The clone board provides the same functionality as the original with the following exceptions:
  1. The RAM has been increased from 32K to 64K.
  2. The ROM size is selectable (via soldered jumper link) between 64K and 128K and at a different base address.
  3. There is no tape interface (see below for project to replace this).
  4. There is no prototyping area and the address bus brought out to a header is restricted to A1..A18.
  5. The two serial ports are restricted to 9600 or 19200 baud.
My post to the Easy68K forum contains a discussion about various aspects of this board.

Corrected ROMs

The ROMs supplied with the clone board have an assembly error embedded which corrupts the TRAP #14 function table. The ROM code is an exact copy of the original MECB Tutor V1.3 code, with the exception of a relocation of the ROM base. I found a version of the MECB Tutor V1.3 code that had been ported to the Easy68k assembler. Relocating and assembling this code resulted in a corrected version of the ROMs.

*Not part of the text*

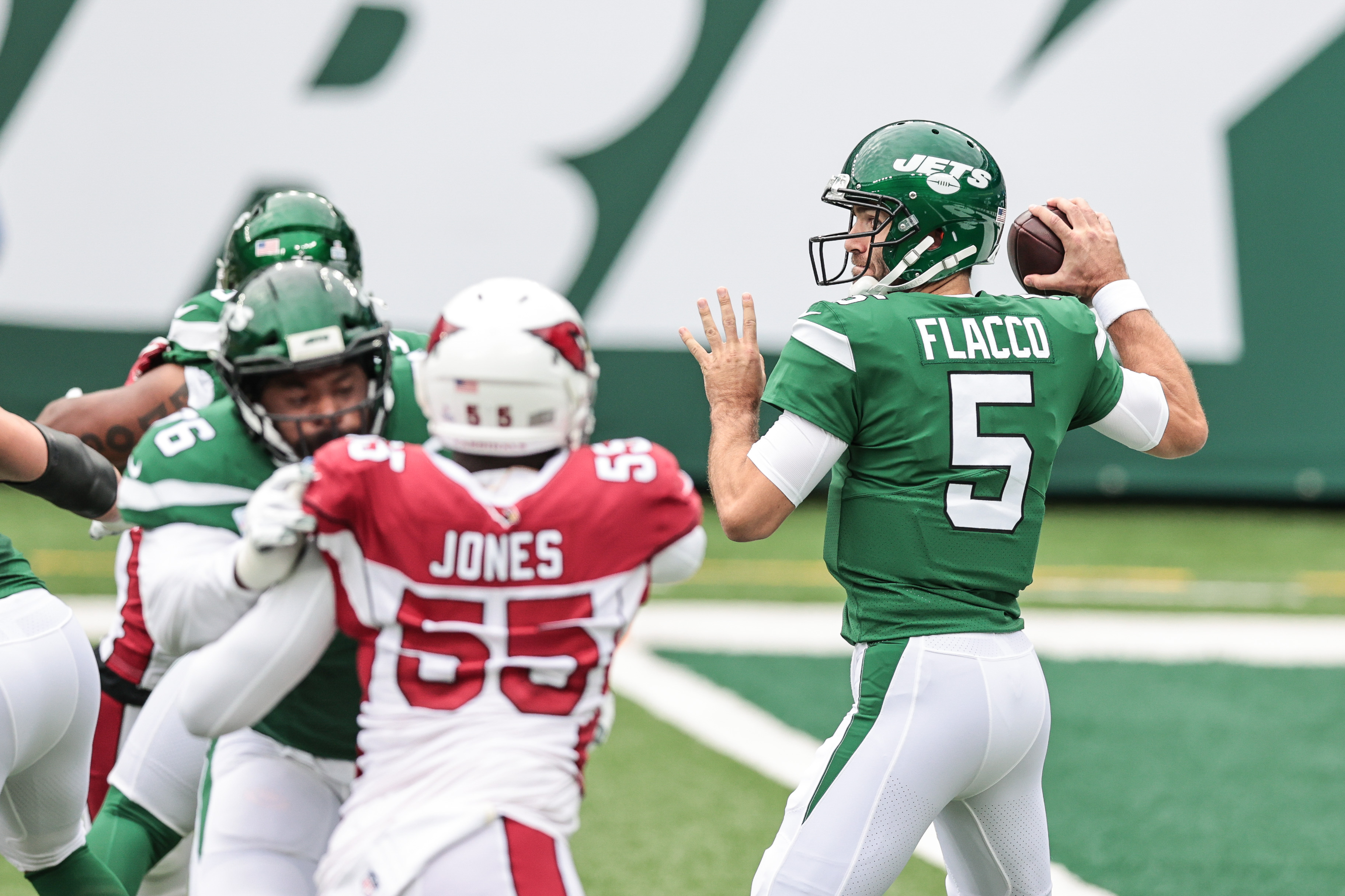 Jets acquire Joe Flacco from EaglesMike White was slated to start in place of Zach Wilson10/25/2021, 10:15 PMRyan MorikFreelance Editorial ProducerOct 11, 2020; East Rutherford, New Jersey, USA; New York Jets quarterback Joe Flacco (5) throws the ball as Arizona Cardinals linebacker Chandler Jones (55) rushes during the first half at MetLife Stadium. Mandatory Credit: Vincent Carchietta-USA TODAY Sports / © Vincent Carchietta-USA TODAY Sports

The ROM images below are the necessary high/low images required for burning to 27C256 EPROMs.
  1. High ROM image.
  2. Low ROM image.
  3. Complete ROM image.
  4. Original Easy68K/unix68k assembler source.
  5. Listing file (produced by Easy68k).
  6. Motorola S-Record file (produced by Easy68k).

Tape Drive Interface

The original MECB board included hardware to interface to a cassette tape recorder driven by a couple of lines from the parallel input/output chip. I extracted the interface schematic from the original documentation and have produced a replacement PCB. I've used the tool diptrace (size limited but fully functional version is free) to create the schematic and lay out the PCB. I have created the interface board and fully tested it by saving and loading programs and memory to/from a computer wav file and a Sony Minidisc. Just don't ask me why you would want to do it (well, maybe later)!
  1. Parts list (.txt format)
  2. Schematic (small 40k) (large 292k)
  3. PCB Component layer (small 56k)
  4. PCB Component/Copper layer contrasting (small 57k)
  5. PCB Copper layer (small 60k) (large 1200dpi 805k)
  6. Diptrace schematics file
  7. Diptrace pcb file

Documentation

The following documentation has been useful during the exploration of this board:
  1. Original MECB Manual.
  2. Review of the original MECB.
  3. Clone MECB Manual, and schematics.